- Born: Seymour Victory Reit November 11, 1918 New York City, U.S.
- Died: November 21, 2001 (aged 83) New York City, U.S.
- Other name: Sy Reit
- Education: New York University
- Occupations: Writer, cartoonist
- Writing career
- Notable work: Casper the Friendly Ghost

= Seymour Reit =

American cartoonist (1918–2001)

Seymour Victory Reit (/riːt/; 11 November 1918 – 21 November 2001) was an American author of over 80 children's books as well as several works for adults. Reit claimed to be the creator of the character Casper the Friendly Ghost, and several co-workers supported his claim, though cartoonist Joe Oriolo, who drew the first Casper book, claimed that he created Casper and Reit wrote the book under his direction. Reit started his career working for Fleischer Studios as an animator; he also worked for Jerry Iger and Will Eisner as a cartoonist, for Laffboy as editor in 1965, and for Mad Magazine and several other publications as a humorist.

==Biography==
Reit was born in New York City on 11 November 1918 (Armistice Day). He attended DeWitt Clinton High School and New York University, where he drew cartoons for humorous college magazines. He worked as an in-betweener and inker on the 1939 animated film Gulliver's Travels, and later became a gag writer for the Popeye and Betty Boop cartoon series, among others. He also anonymously produced comic strips for Jerry Iger under the Fiction House label. He attended New York University with future Captain Marvel writer William Woolfolk, and helped launch Woolfolk's career as a writer of comics by introducing him to Jerry Iger and Will Eisner.
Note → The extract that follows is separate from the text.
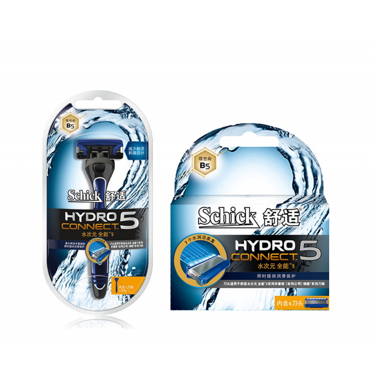 Schick/舒适 水次元剃须刀片4片 hydro connect五层刮胡刀片兼容手动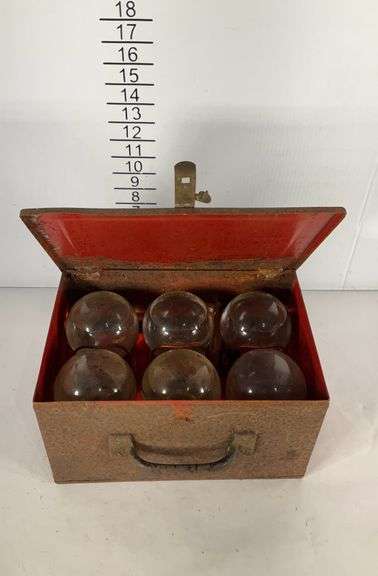 LOT 2464 - Shur-Stop kit throw fire extinguisher kit. Carrying case is very rusty and fragile

Reit served in World War II in a U.S. Army Air Force camouflage unit tasked with defending the West Coast from a Japanese invasion, and later served in Europe after D-Day. He later wrote a book, The Amazing Camouflage Deceptions of World War II, drawing on his wartime experience. It contains a version of the urban legend which claims that British aviators taunted the German Army by dropping a wooden bomb on a decoy airfield the Germans had built.

After the war, Reit did cartoon work for Archie and Little Lulu, and wrote gags for some of the new Casper animated shorts that were being produced. He also wrote for the TV series Captain Kangaroo. In 1950 he started working for the publications department of the Bank Street College of Education in New York, and also scripted industrial films and radio shows. In the late 1950s, he began submitting work to Mad Magazine, ultimately contributing over 60 pieces. One of Reit's articles for Mad, "The 'Down-To-Earth' Coloring Book," appeared in the summer of 1960 and anticipated (or helped inspire) the faddish publishing boom of "adult" coloring books.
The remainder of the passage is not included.